**Exercise directions:** Up to and including the line with "Σαγιονάρα απο δέρμα", restate every line of the records below word for word, from the first line on, leaving out the pictures.

**Data provided:**
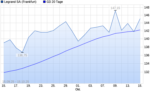 Mit dem Rücksetzer auf 141,80 EUR hat die Legrand-Aktie am 14.10.2025 die 20-Tage-Linie nach unten gekreuzt.
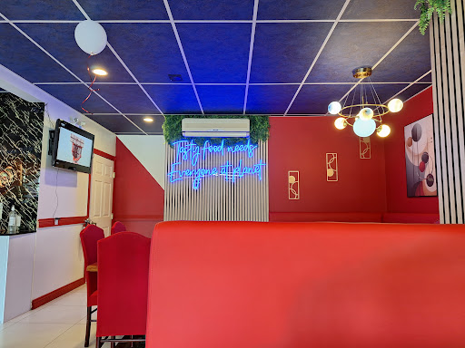 The exterior is fairly unassuming and doesn't really match your expectations of the interior. As you head inside, you're greeted with a clean and bold looking establishment with bright red seating and some unique decorations. I will say that it's a little tacky, especially with the fake neon sign and the two TVs that don't add much to the experience.
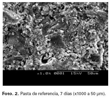 La Foto. 1 muestra la pasta de referencia a la edad de 48 horas, en la cual puede notarse una microestructura caracterizada por el desarrollo de CSH recubriendo las originales partículas de cemento.
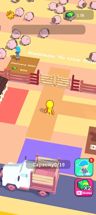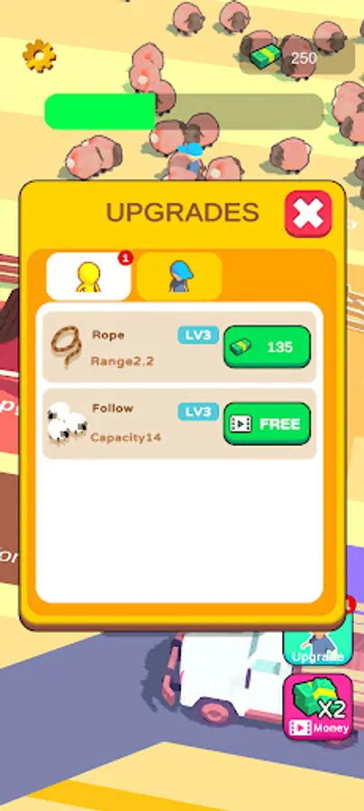 Starting with a small rope, the sheep are caught and sold. Upgrade with cash. The higher the level, the more efficient you are at catching sheep, and you can hire helpers to catch sheep with you. Open up new pastures!
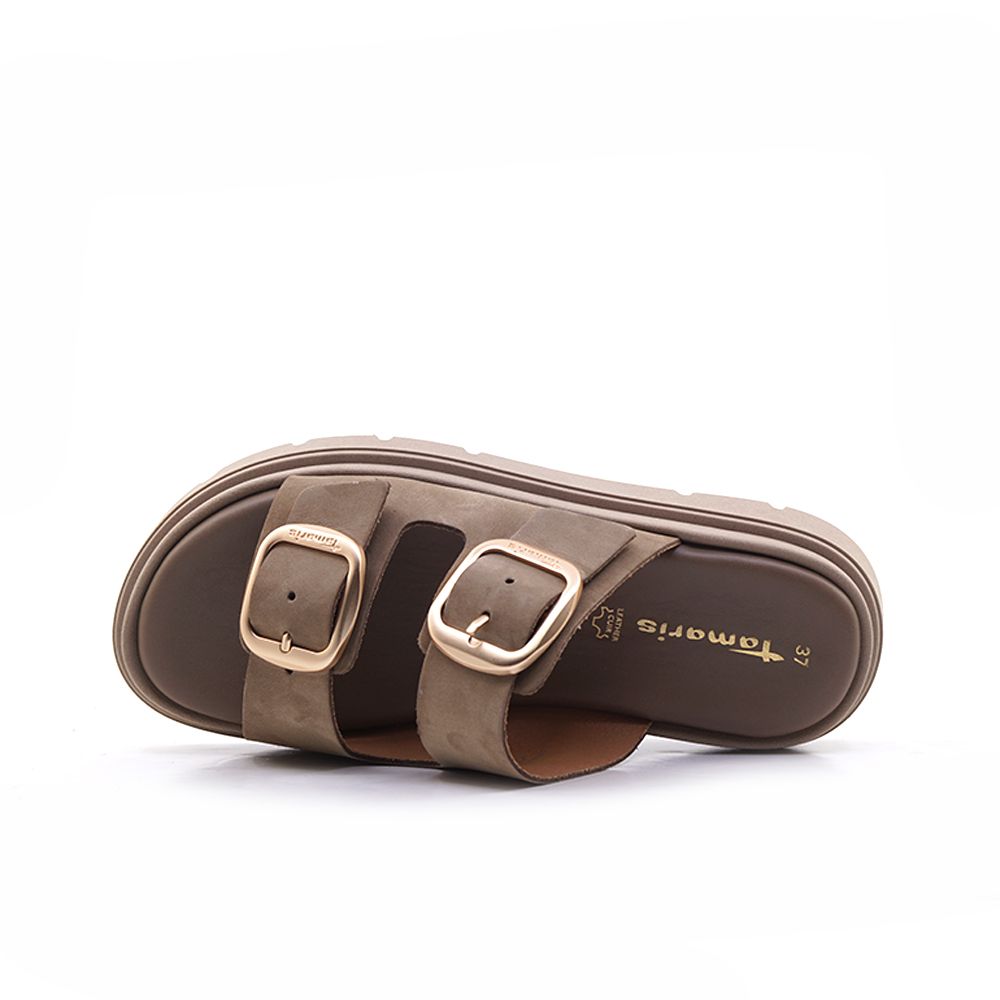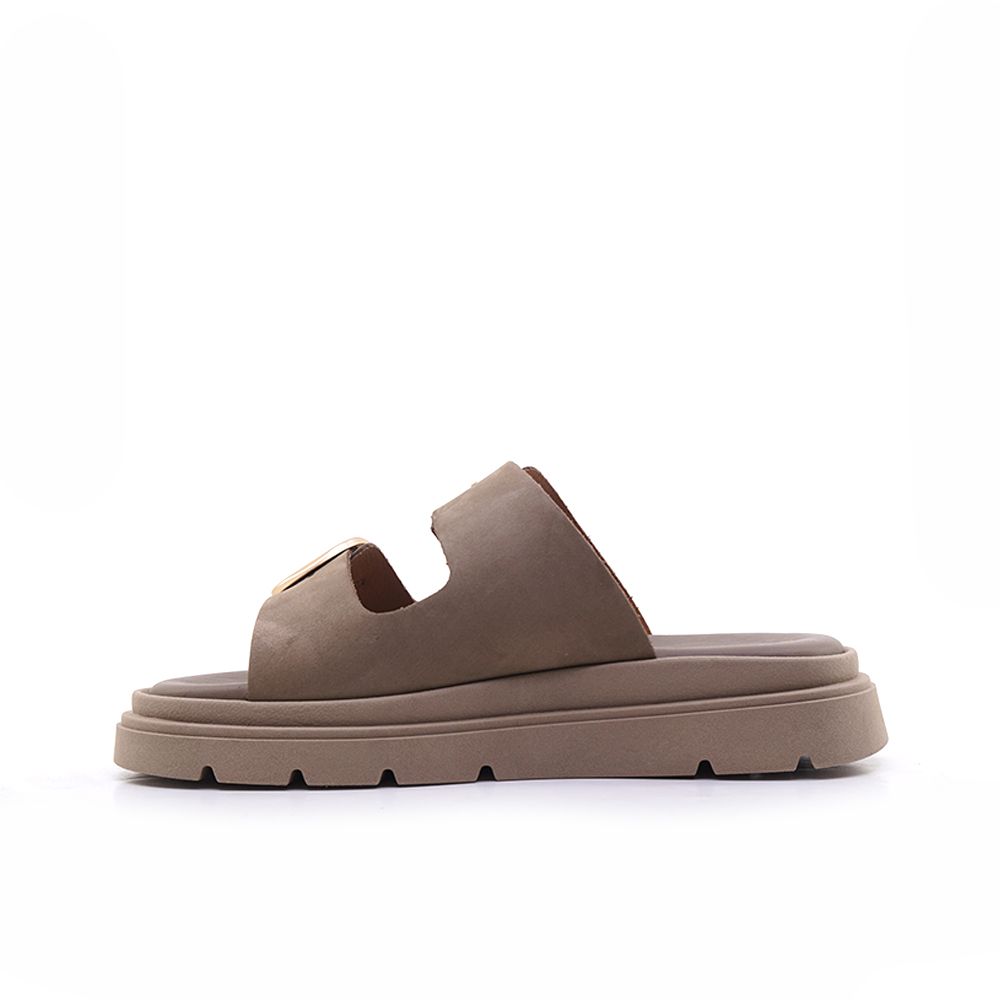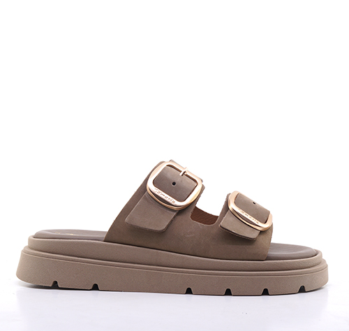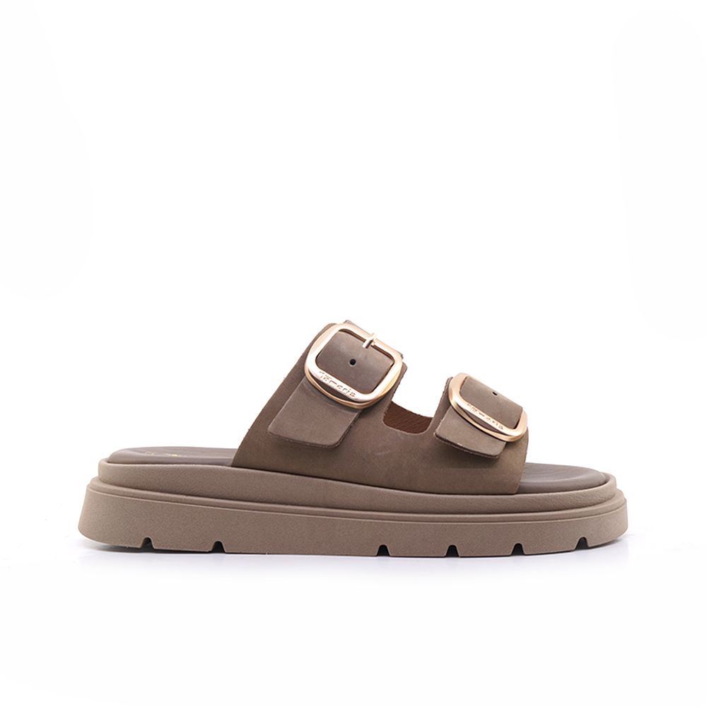Σαγιονάρα απο δέρμα σε πούρο χρώμα με φαρδιά λουριά στο κουντεπιέ. Διαθέτει σταθερό και μαλακό πέλμα για άνετο και ξεκούραστο πάτημα και εξωτερική αντιολισθητική σόλα. Ύψος τακουνιού: 3,5 cm.
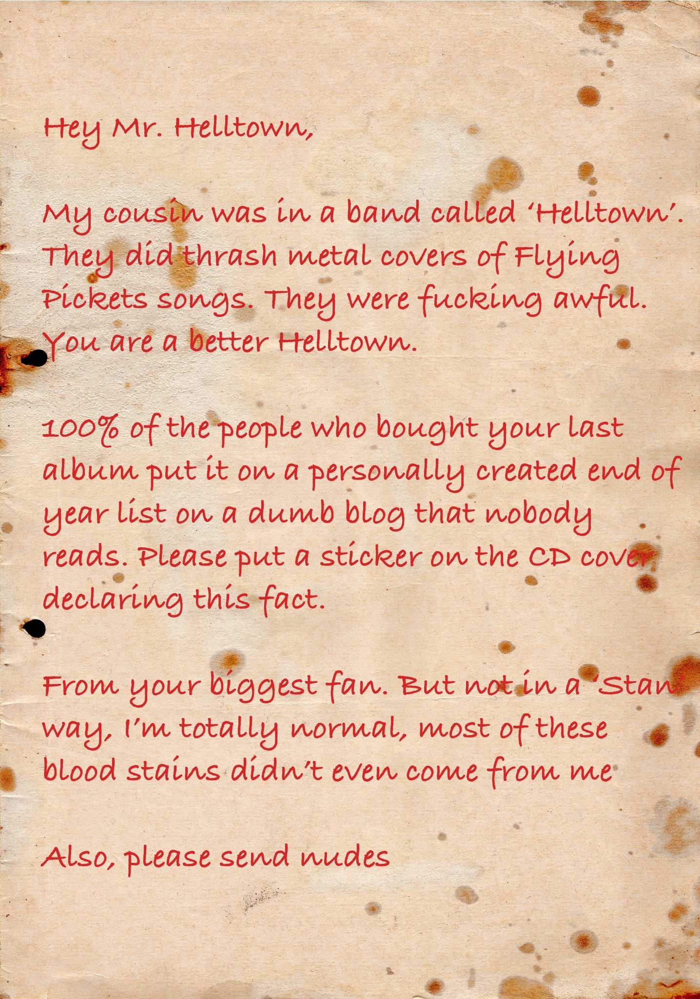 That’s me! I’m the only fucker there!! Does that mean nobody else bought this record?? That’s fucking re-donk-ulous! This isn’t ‘one sad, fat, lonely, middle aged ginger fan’ music! There are honestly few people these days who make raw but beautifully produced acoustic guitar music with frank and incisive lyrics much better than Mr. Helltown. Sure, I doubt he’ll ever climb higher on this list than last year’s 59 (unless he manages to craft another song as freaking perfect as Novel, of course), but he’s always likely to be on the list, because there’s always a place for music like this, and there’snot really anyone else doing music like this as well as he makes music like this.
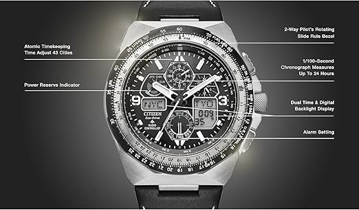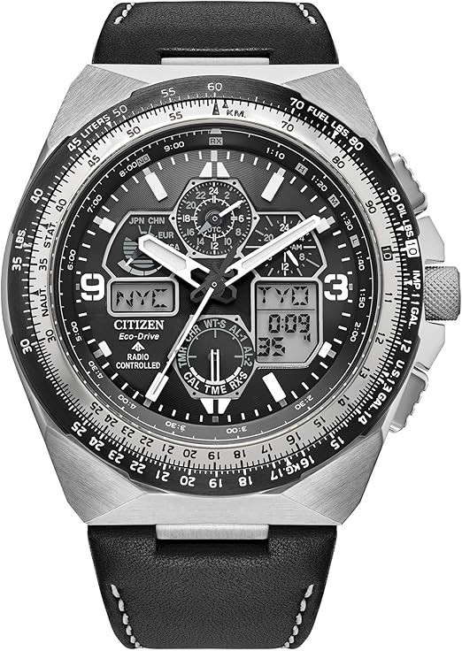 The Citizen Promaster Skyhawk A-T JY8149-05E is an impressive watch packed with cool features, targeting aviation pros and adventurers. With its durable stainless steel build, stylish black dial, and a comfy leather strap, it’s made for everyday wear. This watch is powered by Eco-Drive tech, so you’ll never have to change the battery, and it syncs atomic time signals for super accuracy. Plus, it has a bunch of handy tools like a chronograph, dual time zones, and a slide rule bezel. Eco-friendly and stylish, it’s perfect for anyone who wants a reliable and practical watch on their wrist.

**Task solution:**
 Mit dem Rücksetzer auf 141,80 EUR hat die Legrand-Aktie am 14.10.2025 die 20-Tage-Linie nach unten gekreuzt.
 The exterior is fairly unassuming and doesn't really match your expectations of the interior. As you head inside, you're greeted with a clean and bold looking establishment with bright red seating and some unique decorations. I will say that it's a little tacky, especially with the fake neon sign and the two TVs that don't add much to the experience.
 La Foto. 1 muestra la pasta de referencia a la edad de 48 horas, en la cual puede notarse una microestructura caracterizada por el desarrollo de CSH recubriendo las originales partículas de cemento.
 Starting with a small rope, the sheep are caught and sold. Upgrade with cash. The higher the level, the more efficient you are at catching sheep, and you can hire helpers to catch sheep with you. Open up new pastures!
Σαγιονάρα απο δέρμα σε πούρο χρώμα με φαρδιά λουριά στο κουντεπιέ. Διαθέτει σταθερό και μαλακό πέλμα για άνετο και ξεκούραστο πάτημα και εξωτερική αντιολισθητική σόλα. Ύψος τακουνιού: 3,5 cm.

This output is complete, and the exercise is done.